- City: Grande Prairie, Alberta, Canada
- League: NWJHL
- Founded: 1994–95
- Home arena: Crosslink County Sportsplex
- Colours: Black, White, Silver
- General manager: Kyle Chapple
- Head coach: Kyle Chapple
- Website: grandeprairiejdakings.com

Franchise history
- 1994–2011: Grande Prairie Wheelers
- 2011–2024: County of Grande Prairie JDA Kings
- 2024–present: County of Grande Prairie Wheat Kings

= County of Grande Prairie Wheat Kings =

The County of Grande Prairie Wheat Kings, formerly the Grande Prairie Wheelers until April 2011 and the County of Grande Grande Prairie Kings until 2024, are a Junior "B" Ice Hockey team based in Grande Prairie, Alberta, Canada. They are members of the North West Junior Hockey League (NWJHL). The Kings moved from the Coca-Cola Centre to the Crosslink Sports Centre in January 2014, which has a capacity of 600.

== History ==
The Kings (formerly the Wheelers) joined the NWJHL when the league began operations in 1994. It took the Kings nearly 20 years to capture their first league championship but did so on March 26, 2013.

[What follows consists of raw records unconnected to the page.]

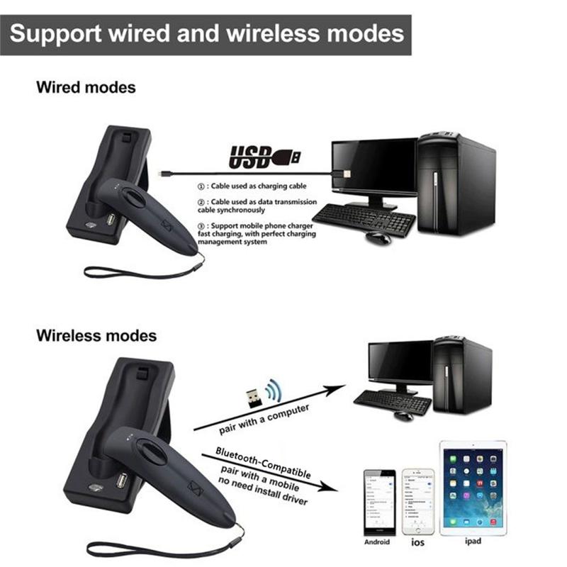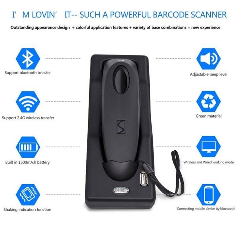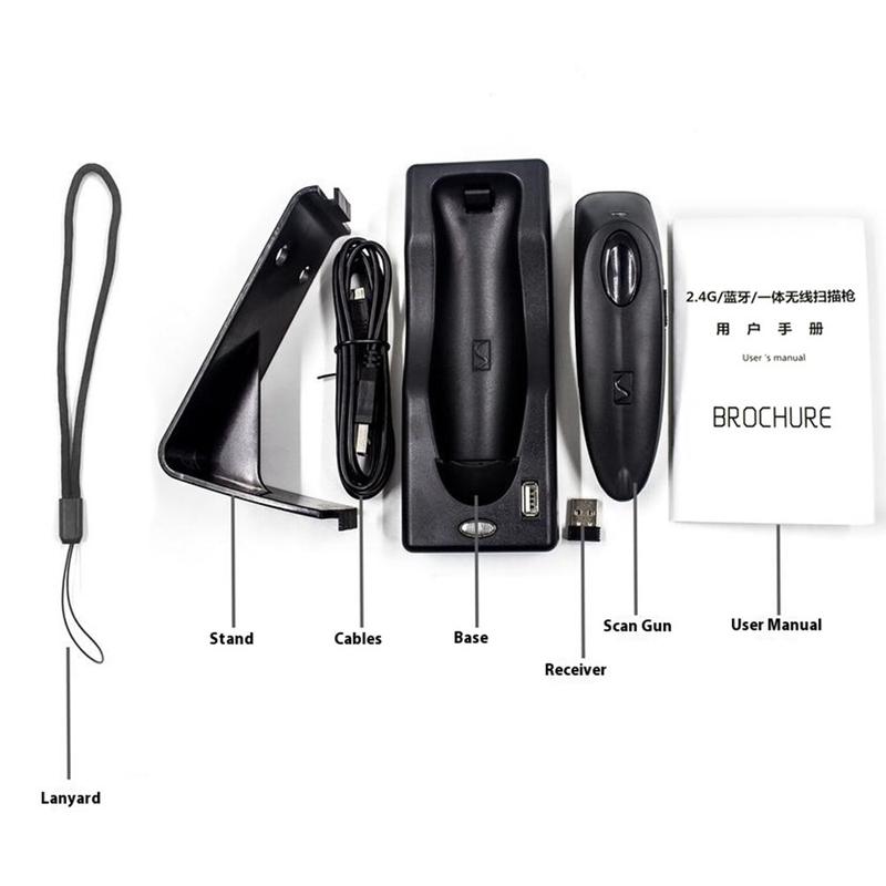 R40 Langaton 2D-viivakoodiskanneri - Bluetooth 4.0 & 2.4GHz QR-koodinlukija latausasemalla, 1500 skannausta/s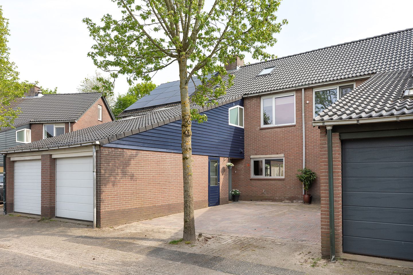 Entree, hal met meterkast en garderobe, toegang tot de hobbykamer en de berging, modern vrij hangend toilet, lichte woon-/eetkamer en open keuken voorzien van vaatwasser, inductiekookplaat en oven, via de schuifpui bereikt u de zonnige tuin met een terras, een gazon en een gezellige overkapping met een loungehoek achterin de tuin.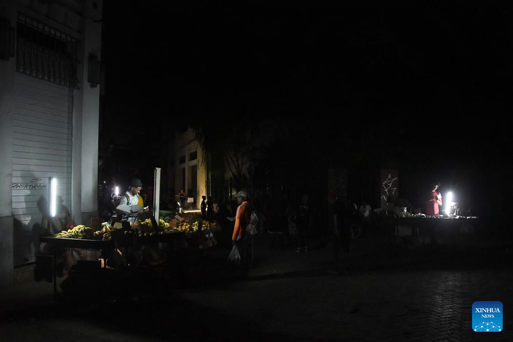 Vendors sell goods during a national blackout in Havana, Cuba, on March 16, 2026. Cuba's national power grid suffered a total blackout on Monday, and the process of restoring electricity is currently underway, according to the Electric Union of Cuba. (Photo by Joaquin Hernandez/Xinhua)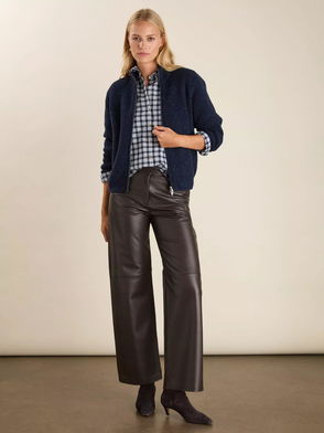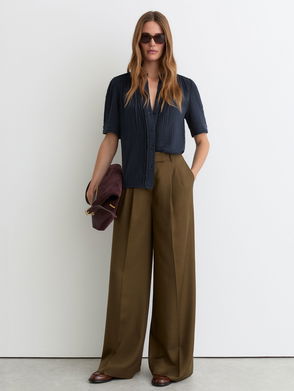 Mel Cenre Crease Wide Leg Mid Rise Trousers, Navy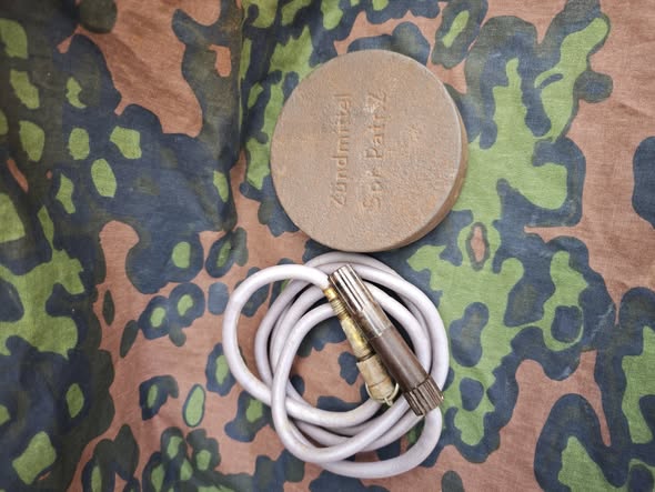 Enthält ein originales Wehrmachts-Zündkabel mit beidseitigen Anschlusssteckern sowie einem inerten elektrischen Anzünder. Die Stecker sind sauber erhalten: Bakelitgehäuse mit Rändelung, Metallkontakte und originale Isolation.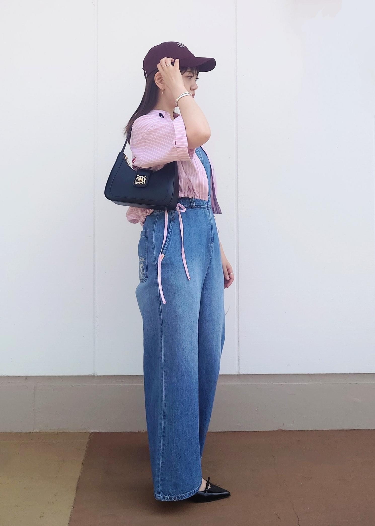 ポインテッドトゥパンプスを合わせて女性らしさを。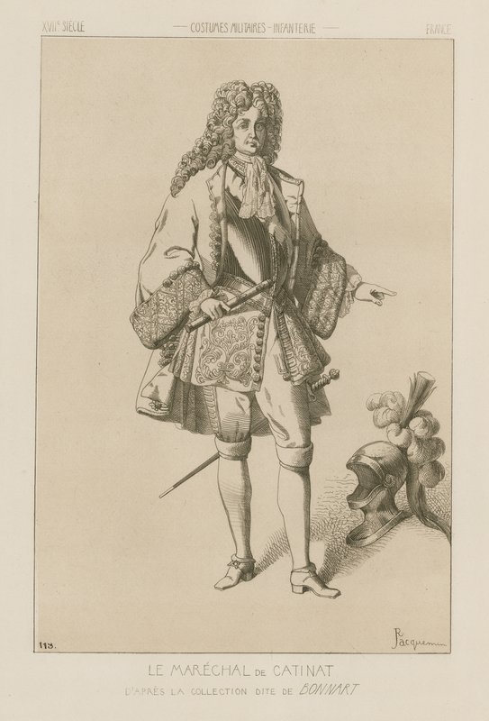 jahrhundert · armeen · arminen · rüstung · heer · kleidung · kommandant · kommandeure · kostüm · kostüme · zeichnung · zeichnungen · kleid · europa · europäisch · frankreich · französisch · helm · historisch · ikonographie · illustration · abbildungen · infanterie · führer · führer · männlich · mann · marechal · marschall · marschall von frankreich · militär · nicolas catinat · neunjähriger krieg · porträt · sozial · geschichte · ludwig xiv · krieg · spanische nachfolge · perücke · perücken · Private Collection / Bridgeman Images · / Look and Learn |

In the 2013-2014 NWJHL season the Kings hosted the Hockey Alberta Investors Group Junior B Provincial Championship. Despite losing the NWJHL finals to the North Peace Navigators, Grande Prairie had already secured a spot as tournament host. The Kings captured a silver medal falling 6 to 0 to the Blackfalds Wranglers in the provincial final.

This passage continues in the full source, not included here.